# 3years without playing golf



## sebasgzz (Apr 15, 2012)

Hey, well this is my first thread...
Well last week I went to play to Palm View Golf Course at Mc. Allen, I shot a score card of 94, but I haven't played for 3 years, I'm 16 years old...
Can you tell me if that was a good, regular, or bad score after 3 years with no activity?? Before I quited golf for the 3 years, i won some younior tournaments...
Please


----------



## broken tee (Jan 13, 2008)

sebasgzz said:


> Hey, well this is my first thread...
> Well last week I went to play to Palm View Golf Course at Mc. Allen, I shot a score card of 94, but I haven't played for 3 years, I'm 16 years old...
> Can you tell me if that was a good, regular, or bad score after 3 years with no activity?? Before I quited golf for the 3 years, i won some younior tournaments...
> Please


I wouldn't be ashamed of that score if I were you.
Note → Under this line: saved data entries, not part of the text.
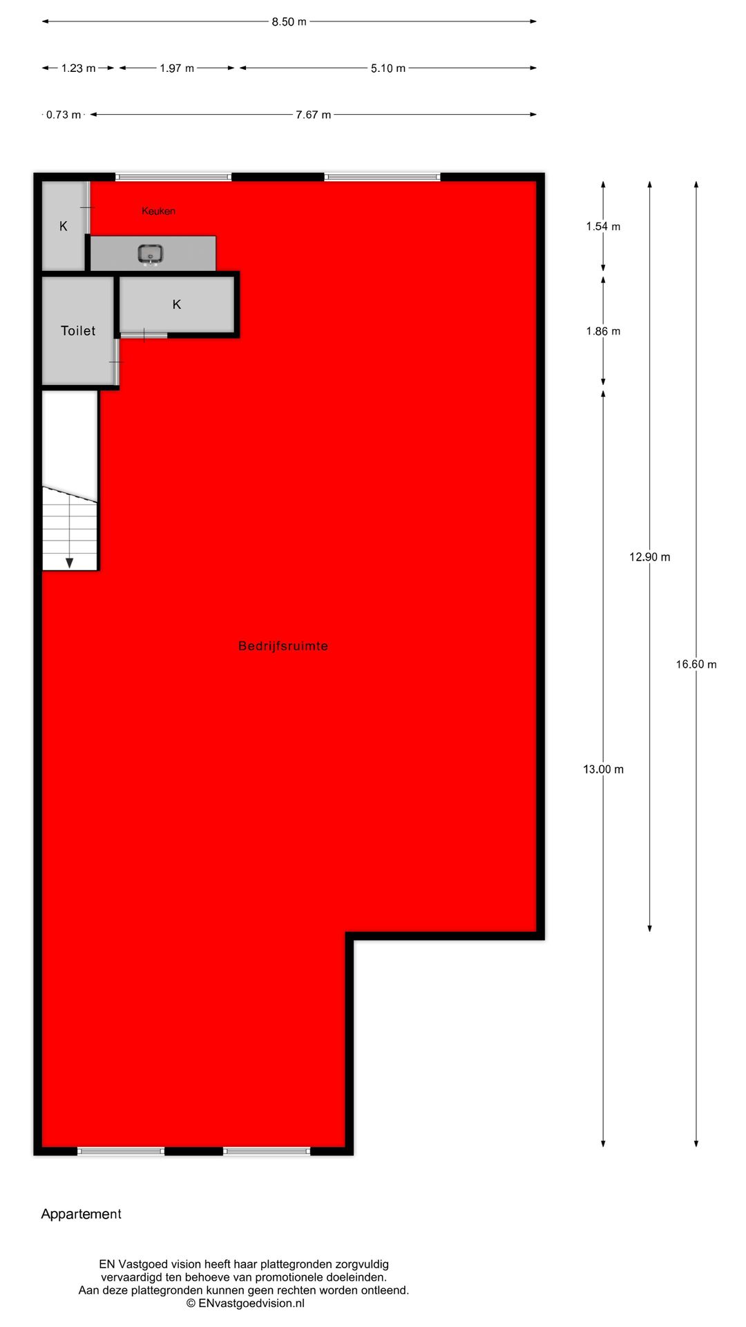 Entree via de gemeenschappelijke hal waar een afgesloten loopdeur is naar de kantoorruimte. Via een trap bereikt u de kantoorruimte op de verdieping, welke is voorzien van een toilet en pantry.
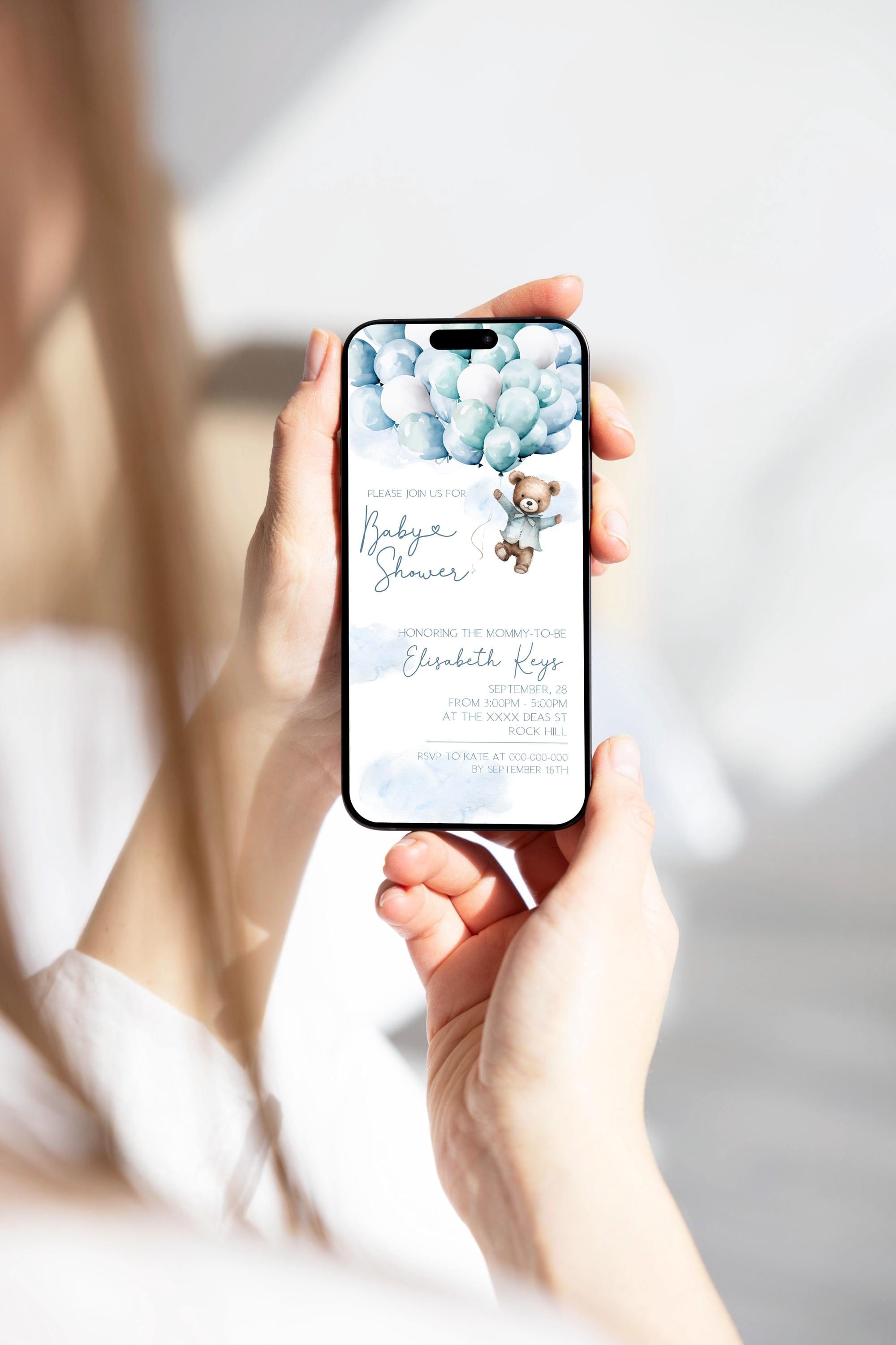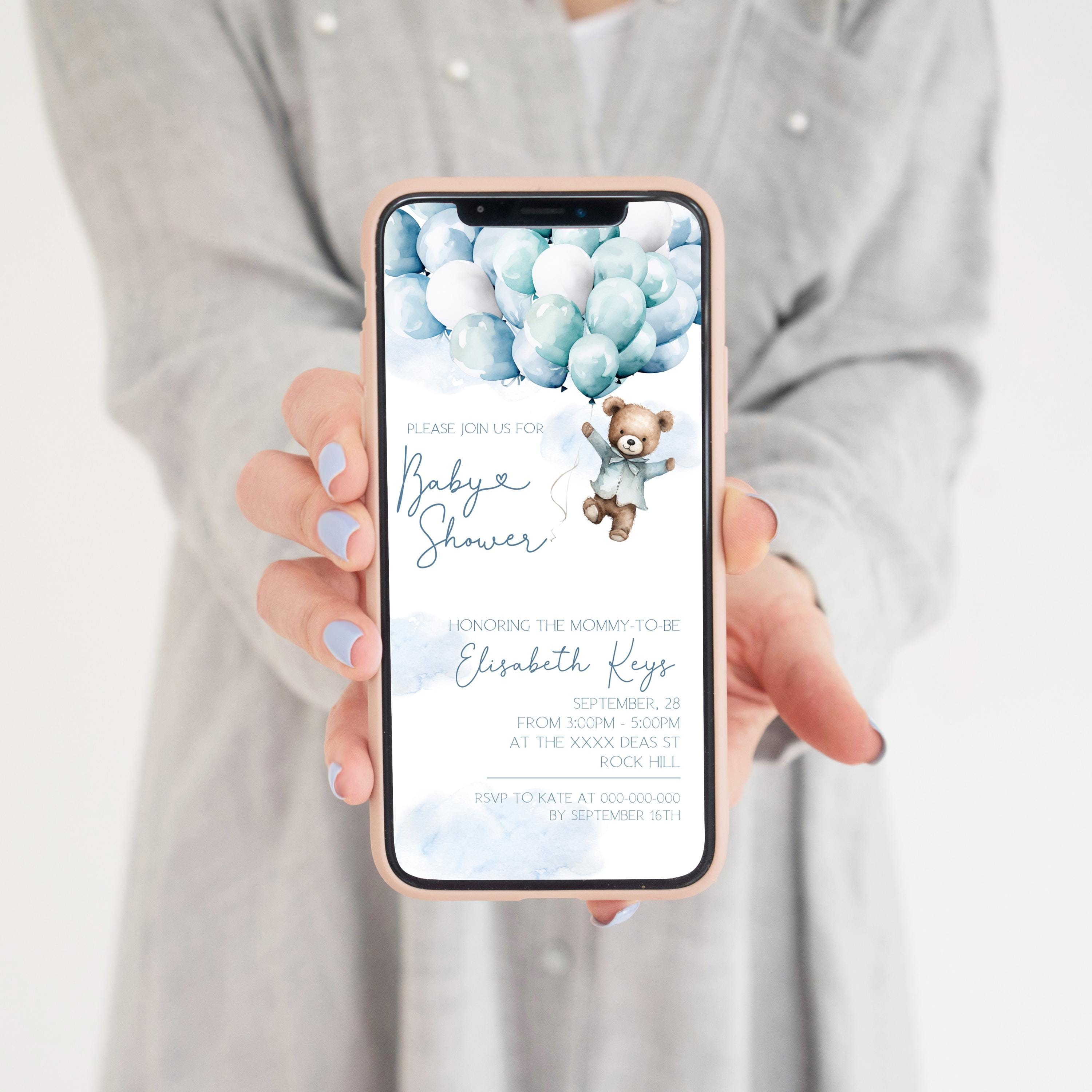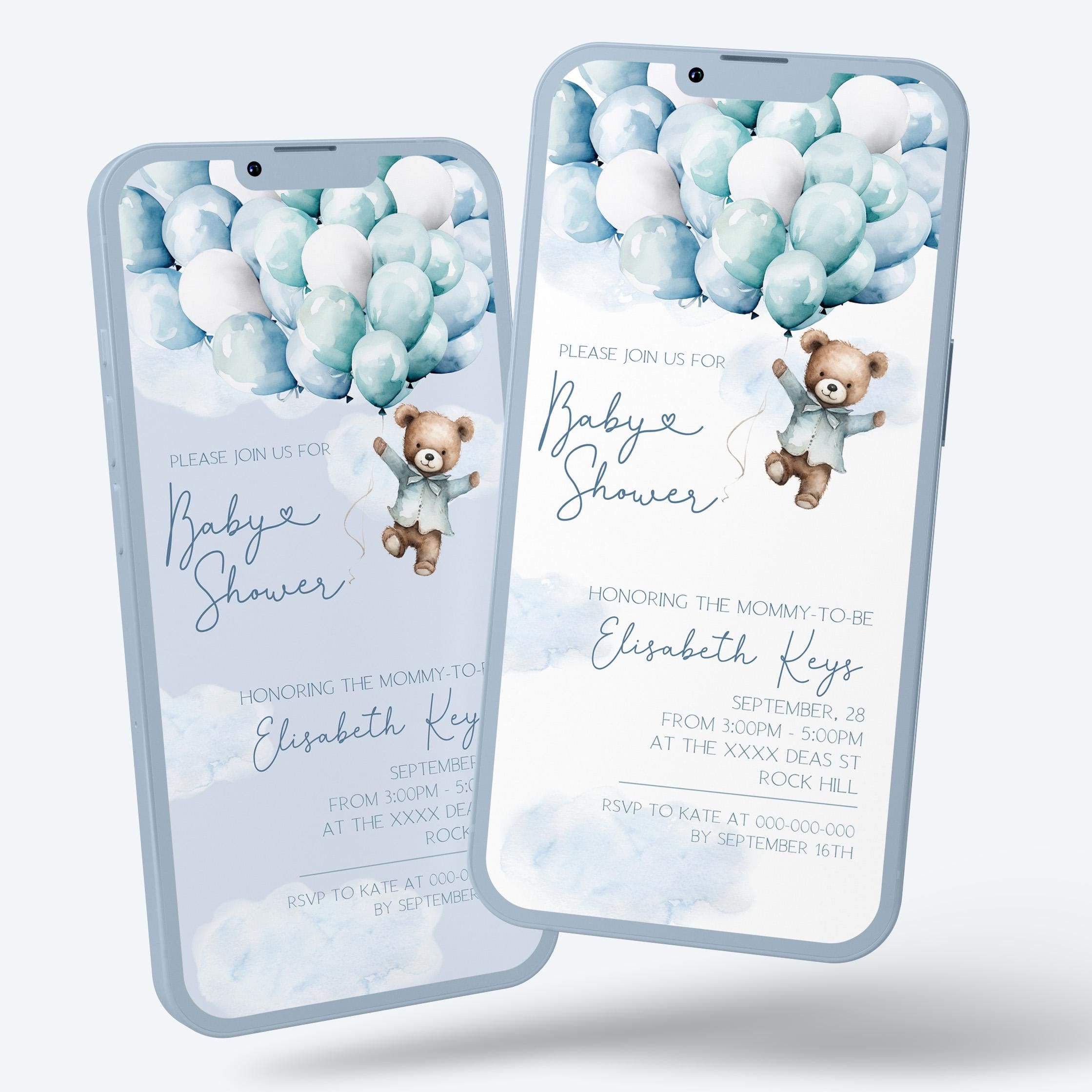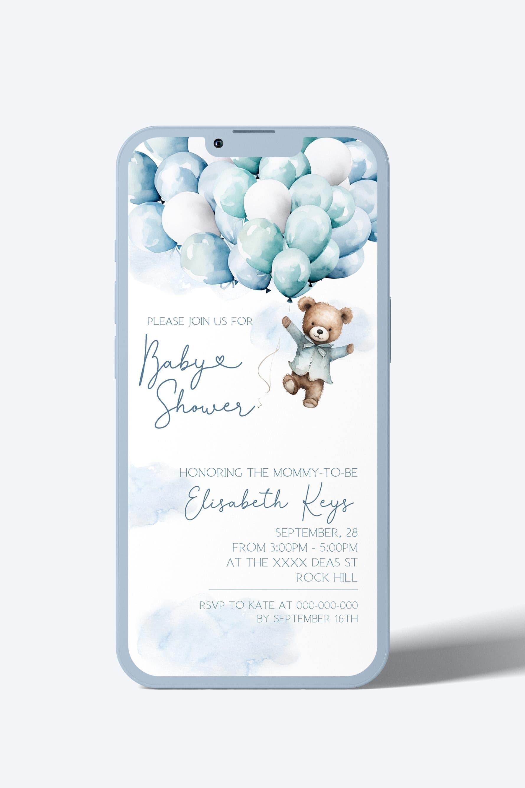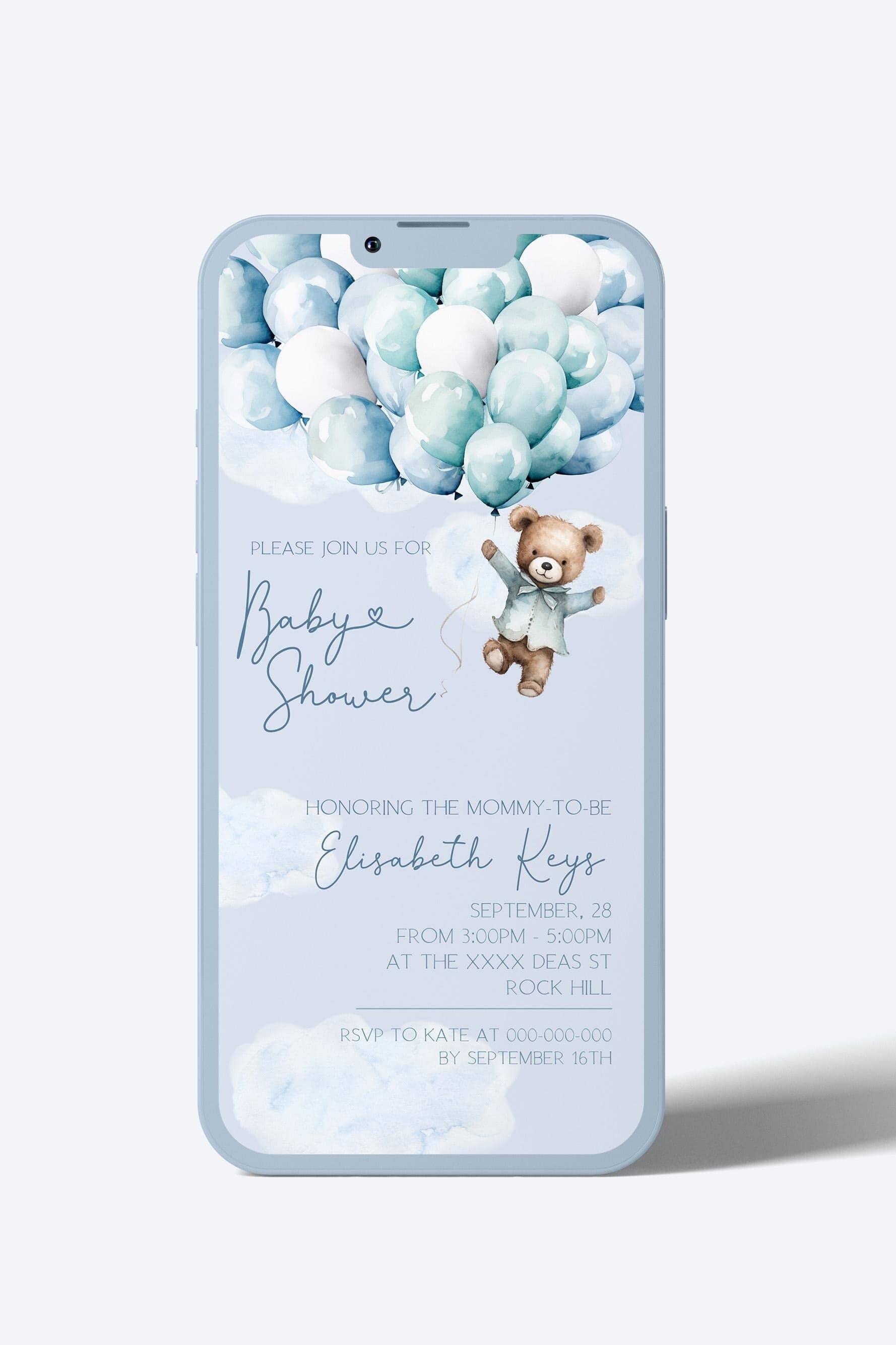 Blue Balloon Teddy Bear Baby Shower Evite for Boy Mobile Invite
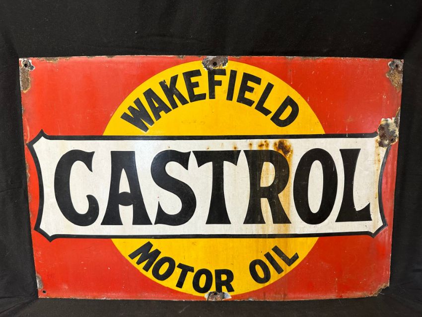A Wakefield Castrol Motor Oil enamel advertising sign, 29 1/2 x 19 1/2".

Keep playing and get a scholorship.:thumbsup:

One more thing; Thank you for joining us here.


----------



## sebasgzz (Apr 15, 2012)

If I keep practicing, Do u think that I could have chances to make it for a scholarship?
Ohh and tyy


----------



## broken tee (Jan 13, 2008)

sebasgzz said:


> If I keep practicing, Do u think that I could have chances to make it for a scholarship?
> Ohh and tyy


If you practice and try out for the School's team and don't give up. There's a chance.:thumbsup:

I saw to many get frustrated with the game and quit when I was teaching school.


----------



## sebasgzz (Apr 15, 2012)

broken tee said:


> If you practice and try out for the School's team and don't give up. There's a chance.:thumbsup:
> 
> I saw to many get frustrated with the game and quit when I was teaching school.


Mmm ok thank youu...


----------